IDPs have little social power, and almost no political agency in the country. With help from Sadbhavana Trust and Vanangana, people from these three villages have been able to get voter ID cards, Aadhar cards, new birth certificates, ration cards, labour cards and bank accounts. Their children are studying in private schools or madrasas. Hunnarshala also raised funds for drinking water, drainage, and partial treatment systems for toilets.
Kallu admits it has taken a while to win the trust of local shopkeepers, which they never had to worry about earlier. “Kutba was home for generations. Today, we are exiled, and yet, we know, we will have to make this our new home.”

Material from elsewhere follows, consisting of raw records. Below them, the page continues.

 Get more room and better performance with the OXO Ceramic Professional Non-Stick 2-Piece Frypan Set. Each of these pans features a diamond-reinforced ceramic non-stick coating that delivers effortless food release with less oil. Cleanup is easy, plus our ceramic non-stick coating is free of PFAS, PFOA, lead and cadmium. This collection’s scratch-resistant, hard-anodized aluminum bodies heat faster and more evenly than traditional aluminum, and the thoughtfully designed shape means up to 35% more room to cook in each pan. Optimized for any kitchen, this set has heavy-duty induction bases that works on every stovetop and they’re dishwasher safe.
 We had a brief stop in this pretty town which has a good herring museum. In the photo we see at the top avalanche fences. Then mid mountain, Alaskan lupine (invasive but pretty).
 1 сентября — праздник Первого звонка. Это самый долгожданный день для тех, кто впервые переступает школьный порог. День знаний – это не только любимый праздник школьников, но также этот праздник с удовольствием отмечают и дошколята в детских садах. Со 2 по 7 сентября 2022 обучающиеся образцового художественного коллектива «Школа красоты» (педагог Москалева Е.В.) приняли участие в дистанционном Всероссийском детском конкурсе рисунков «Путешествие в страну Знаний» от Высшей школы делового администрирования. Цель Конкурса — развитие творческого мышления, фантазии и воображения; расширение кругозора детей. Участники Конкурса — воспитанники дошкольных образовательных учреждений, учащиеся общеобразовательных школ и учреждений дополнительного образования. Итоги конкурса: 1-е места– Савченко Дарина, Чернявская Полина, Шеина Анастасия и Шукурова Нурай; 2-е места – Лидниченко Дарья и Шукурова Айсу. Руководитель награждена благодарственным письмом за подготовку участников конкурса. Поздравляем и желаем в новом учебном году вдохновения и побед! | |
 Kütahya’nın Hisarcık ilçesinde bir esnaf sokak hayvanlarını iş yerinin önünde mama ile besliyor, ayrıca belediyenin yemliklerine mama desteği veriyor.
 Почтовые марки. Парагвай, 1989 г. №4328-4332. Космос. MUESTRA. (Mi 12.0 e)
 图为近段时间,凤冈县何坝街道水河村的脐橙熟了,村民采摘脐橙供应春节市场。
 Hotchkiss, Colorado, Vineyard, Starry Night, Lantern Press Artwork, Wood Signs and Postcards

For 36-year-old Dilshad from Basikalan, the riots opened his eyes to the importance of education. “From now on, politics will be on communal lines. If I don’t give my children education, they will meet a fate similar to ours. We can only empower ourselves through knowing our rights,” he says.
Mamta Verma, 35, of Vanangana, who has been instrumental in getting the paperwork done for the villagers, says, “For the first time, I experienced politics, how politicians can destroy lives because of their greed for votes,” she says. She had suggested that women have a kitchen inside the house, which didn’t exist earlier. While most of them continue to cook on chulhas, a gas connection ensures guests are not choking on chulha fumes in the courtyard.
Meanwhile in Kandhla, sugarcane-laced teas are doing the rounds at the residence of Allah Meher. He is smoking his beedi, lying on the khaat, reminiscing about the time when nearly 36 different castes lived side by side in Kutba. “What do you dream of these days?” “Of my birthplace,” says the 70-year-old. “No matter where you go, you will always dream of home.”